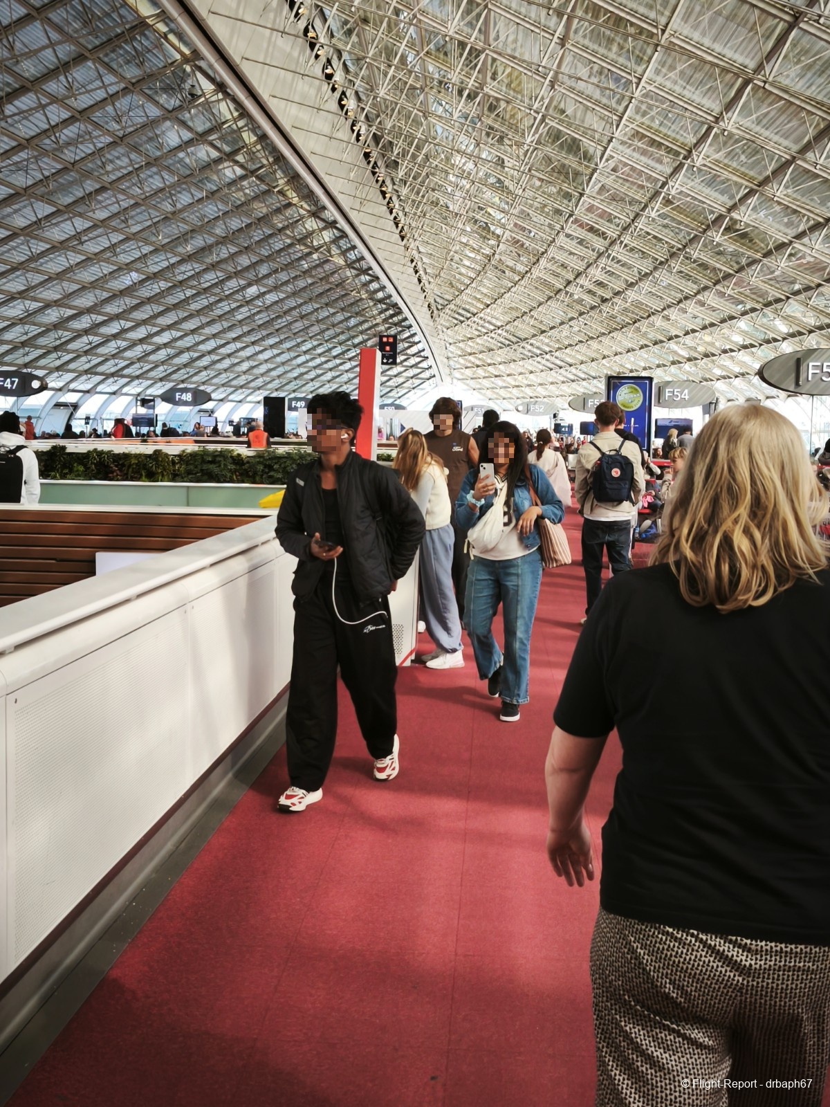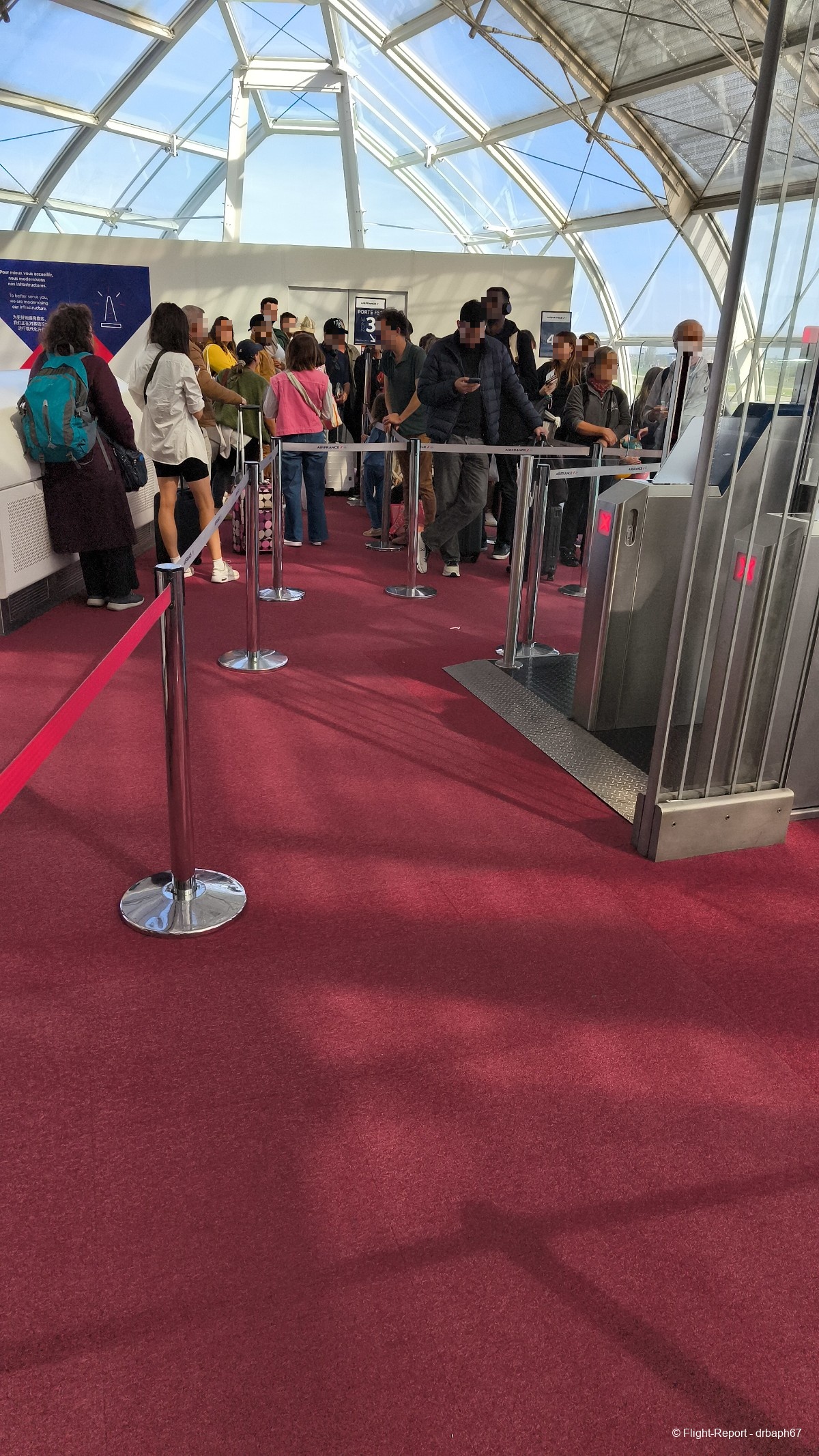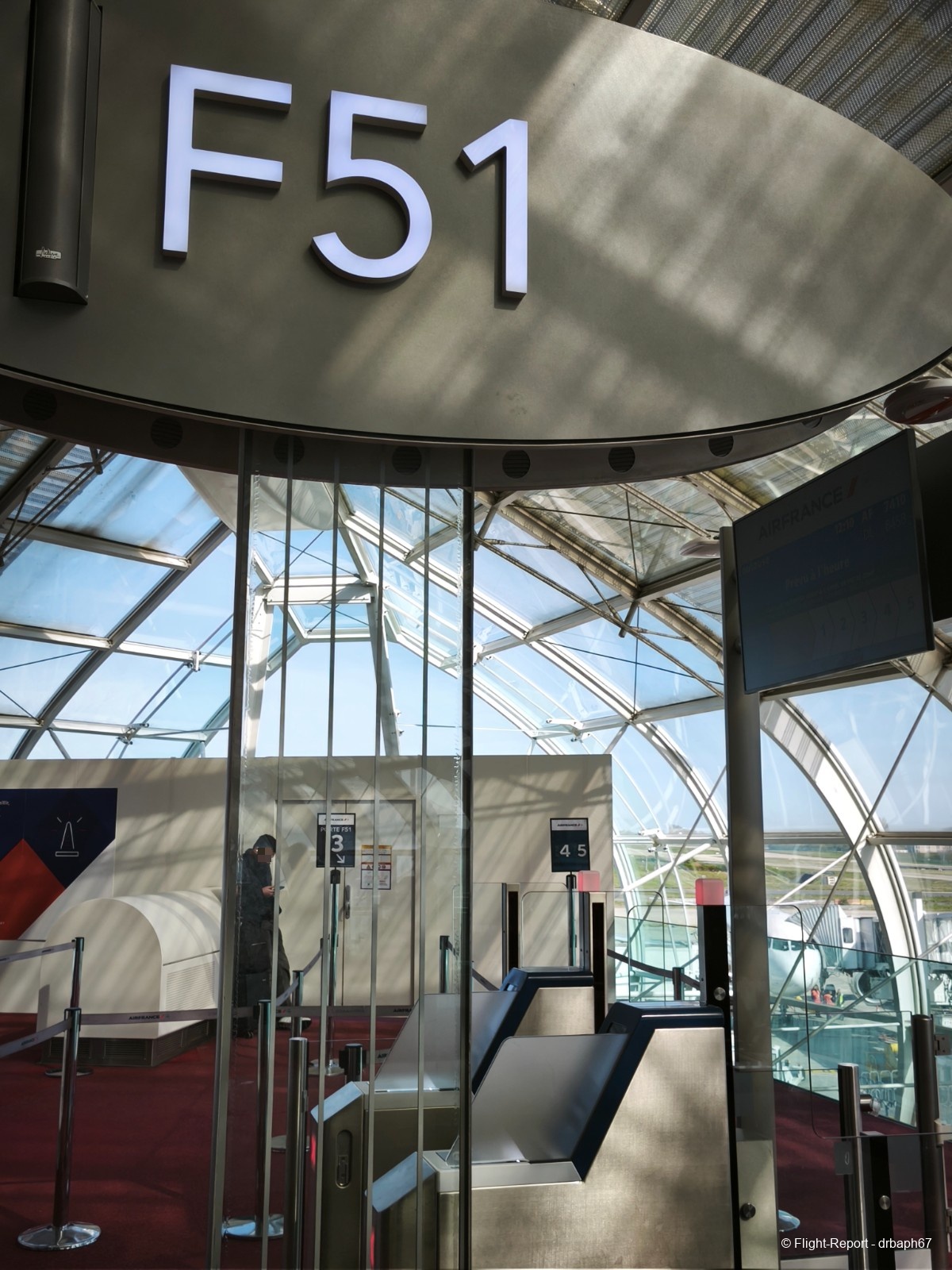 Direction ensuite les portes d'embarquement sous ces verrières du 2F. J'attendrai environ 20 min en porte avant d'embarquer à partir de la sortie du Salon.
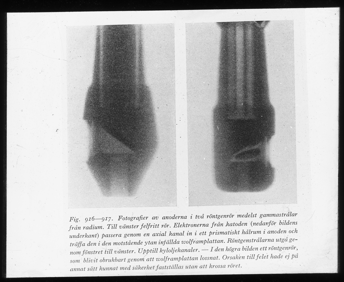 Fotografier av anoderna i två röntgenrör medelst gammastrålar från radium. Till vänster felfritt rör. Till höger har har röntgenröret blivit obrukbart då wolframplattan lossnat.
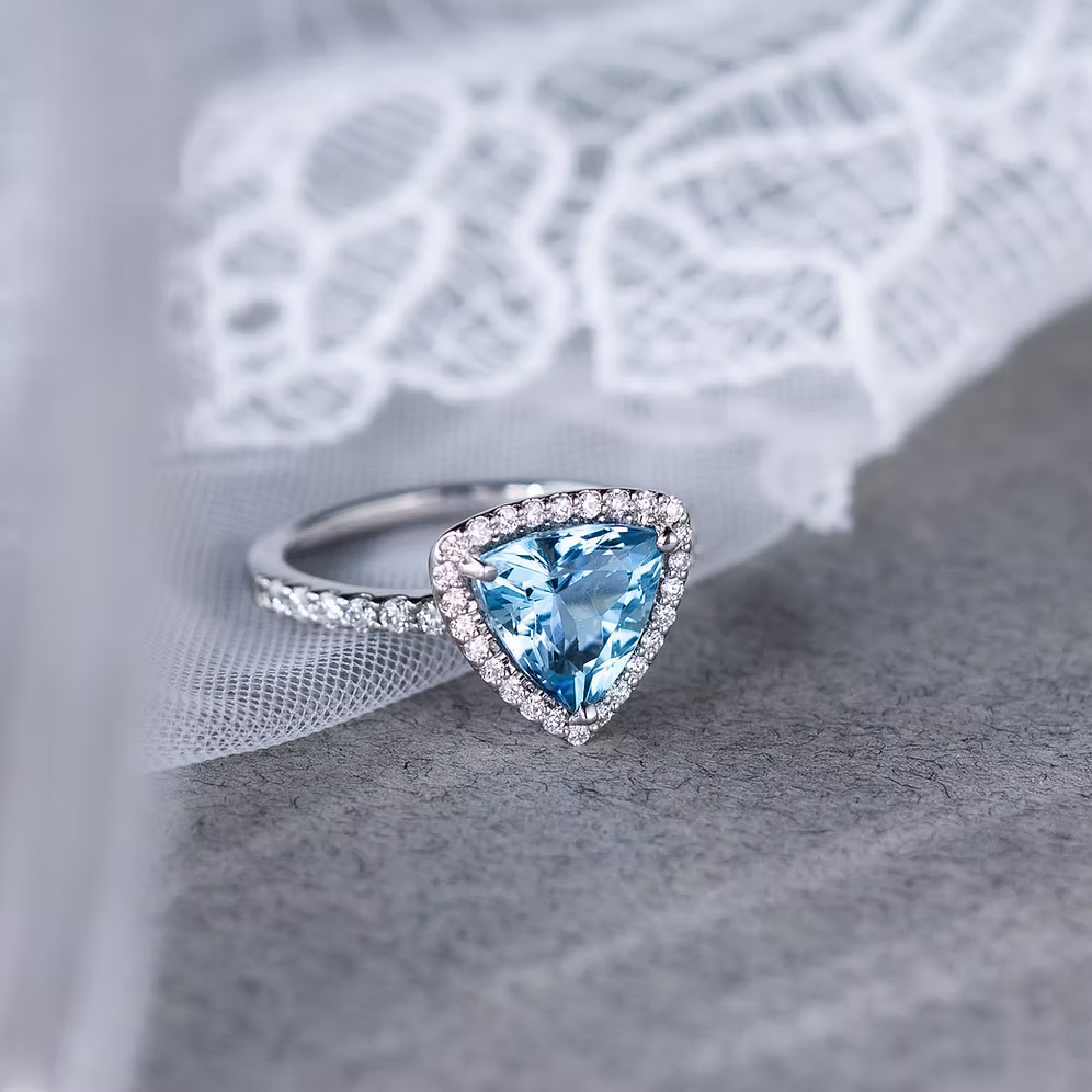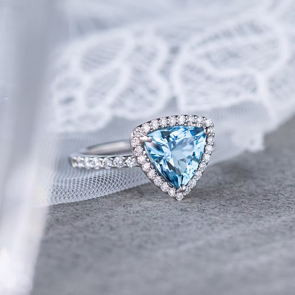 This exquisite trilliant cut aquamarine halo ring features a 2.19-carat aquamarine stone, renowned for its captivating blue hue. The stunning stone is set in a beautifully crafted halo design, enhancing the aquamarine’s brilliance and showcasing its perfect cut.
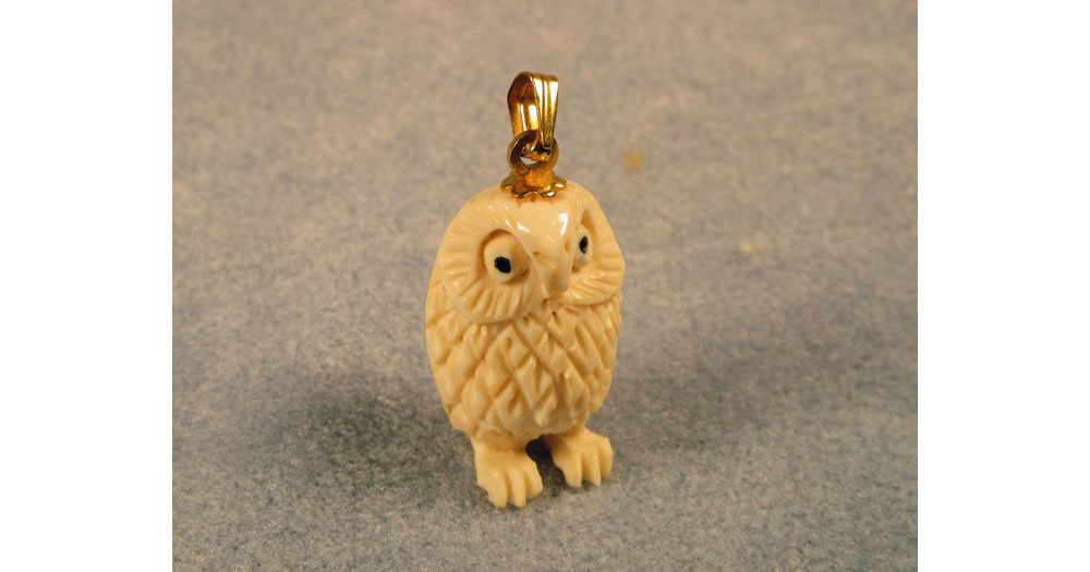 VTG Ivory-Color Carved OWL Pendant for Necklace
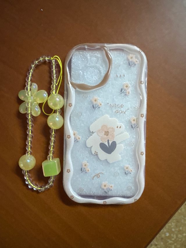 Funda para iPhone 14 con un diseño encantador y un colgante a juego. - Diseño con flores. - Colgante de cuentas y flor. - Acabado transparente con detalles.

....................

_Task prompt:_
Your answer should consist solely of the lines from the one holding "Fotografier av anoderna" through the end of the listing, reproduced exactly and without pictures.

_Finished task:_
 Fotografier av anoderna i två röntgenrör medelst gammastrålar från radium. Till vänster felfritt rör. Till höger har har röntgenröret blivit obrukbart då wolframplattan lossnat.
 This exquisite trilliant cut aquamarine halo ring features a 2.19-carat aquamarine stone, renowned for its captivating blue hue. The stunning stone is set in a beautifully crafted halo design, enhancing the aquamarine’s brilliance and showcasing its perfect cut.
 VTG Ivory-Color Carved OWL Pendant for Necklace
 Funda para iPhone 14 con un diseño encantador y un colgante a juego. - Diseño con flores. - Colgante de cuentas y flor. - Acabado transparente con detalles.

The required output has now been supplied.